1.5 细胞活力测定将细胞接种于96孔板的100 μL培养基中,每孔4 000个细胞。根据造模条件分为3组:对照组、甘露醇组(54.5 mmol/L甘露醇)、模型组(25 mmol/L葡萄糖)。细胞分别培养0、6、12、24、48、72 h后,将10 μL细胞增殖及毒性检测(CCK-8)溶液添加至各孔中,孵育2 h,温度设置为37 ℃。在450 nm波长下通过酶标仪测定吸光度值。在每个时间节点,采用CCK-8检测各组细胞活力,筛选最佳造模时间。

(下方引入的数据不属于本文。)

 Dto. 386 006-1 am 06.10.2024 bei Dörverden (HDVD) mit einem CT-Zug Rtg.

1.6 细胞培养及实验分组待细胞密度至80%~90%时需要对细胞进行传代。加入0.25%胰酶[含0.02%(EDTA)]进行消化,等待细胞变圆后加入培养基终止消化,并收集细胞悬液至10 mL离心管中,1 000 r/min离心3 min(离心半径10 cm),弃去上清液,后加入培养基重悬细胞;以1∶3的比例将细胞悬液分配至培养皿中,最后置于培养箱中。将不同浓度的通心络、缬沙坦含药血清置于水浴锅56 ℃灭活30 min,按照20%含药血清用量配制培养基,加入细胞中处理48 h。

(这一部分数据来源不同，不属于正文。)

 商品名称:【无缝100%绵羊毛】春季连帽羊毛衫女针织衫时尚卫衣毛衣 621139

实验共分为8组,分别为对照组、甘露醇组(54.5 mmol/L甘露醇)、模型组(25 mmol/L葡萄糖)、模型组+对照组(20%对照血清)、模型组+低剂量血清(5%通心络含药血清+15%对照血清)、模型组+中剂量血清(10%通心络含药血清+10%对照血清)、模型组+高剂量血清(20%通心络含药血清)、模型组+阳性药物(20%缬沙坦含药血清)。
1.7 CCK-8法检测待测的96孔板细胞样本具有100 μL相同的培养基。每孔加入10 μL的CCK-8试剂,培养箱中孵育2 h。酶标仪在450 nm波长处检测每孔吸光度值。

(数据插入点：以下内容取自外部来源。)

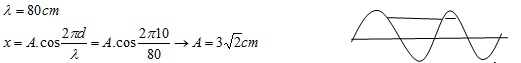 Một sóng chạy lan truyền theo một phương với biên độ sóng không thay đổi. Tại một thời điểm bất kỳ, các điểm có li độ 3 cm cách nhau những khoảng lần lượt là 20 cm, 60 cm, 20 cm, 60 cm, 20 cm. Biên độ của sóng trong môi trường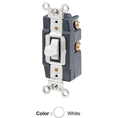 Leviton 1257-W, Single-Pole Double Throw Toggle AC Quiet Switch, Momentary Contact, Center OFF, Extra Heavy Duty Industrial Specification Grade, 20A 120/277V AC, Back & Side Wired, Self-Grounding, White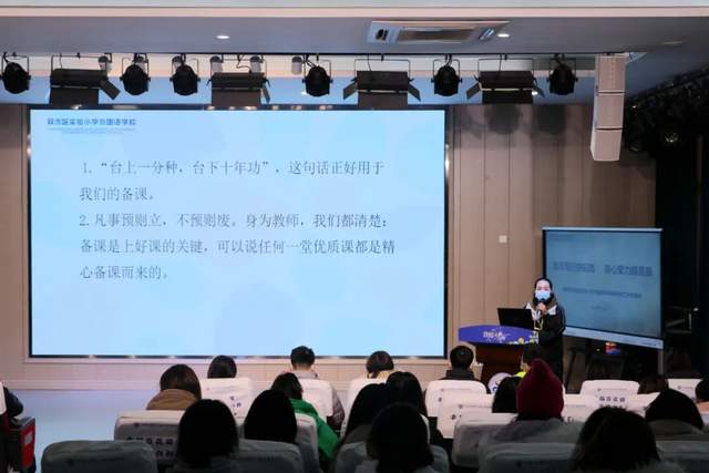 要实现“自能”课堂的优质高效,备课是前提。于是,课堂教学中心白主任做了《精心备课 提升教学》的专题发言。一开讲,白主任先送给老师们两句话:“1.台上一分钟,台下十年功,这句话正好用于假期备课再合适不过了。2.凡事预则立,不预则废。”身为教师,老师们都清楚:备课是上好课的关键,可以说任何一堂优质课都是精心备课而来的。这两句话清晰鲜明地让老师们意识到利用假期备课,提前准备是保障教学质量的根本途径。接着,白主任又从“四备”:备课标、备教材、备学情、备教法与老师们展开分享交流,还列举出优秀学历案让老师们学习。首先学习如何从课标—年段—册次—单元—课时来拟定目标,再根据目标罗列评价任务,围绕目标设计教学活动等,详细的讲解让老师们更加清楚备课的方向。

1.8 流式细胞仪检测细胞凋亡将收集得到的1×106~3×106个细胞,加入1 mL的PBS,1 500 r/min离心3 min(离心半径10 cm),清洗2遍。采用双蒸水将5×Binding Buffer稀释为1×Binding Buffer,以预冷的1×Binding Buffer重悬细胞300 μL。各自加入5 μL的Annexin V-FITC与10 μL的碘化丙啶(PI)。轻微混匀后,室温避光孵育15 min。每罐中加入200 μL预冷的1×Binding Buffer。混匀后使用流式细胞仪进行检测。
1.9 ELISA法检测细胞内半胱氨酸天冬氨酸蛋白酶-3(Caspase-3)、B淋巴细胞瘤2(Bcl-2)和转化生长因子-β1(TGF-β1)蛋白的分析使用ELISA法,具体操作流程根据试剂盒说明书进行。在96孔板的各孔中加入50 μL样品,再加入生物素-抗原工作液50 μL。将平板37 ℃孵育30 min,并用缓冲液洗涤5次,加入亲和HRP抗体进行第2次孵育。经过2次洗涤后,将底物A、B加入每个孔中,各50 μL,避光孵育10 min(37 ℃)。最后每孔加入终止液50 μL,15 min后在450 nm波长处测定各孔吸光度值。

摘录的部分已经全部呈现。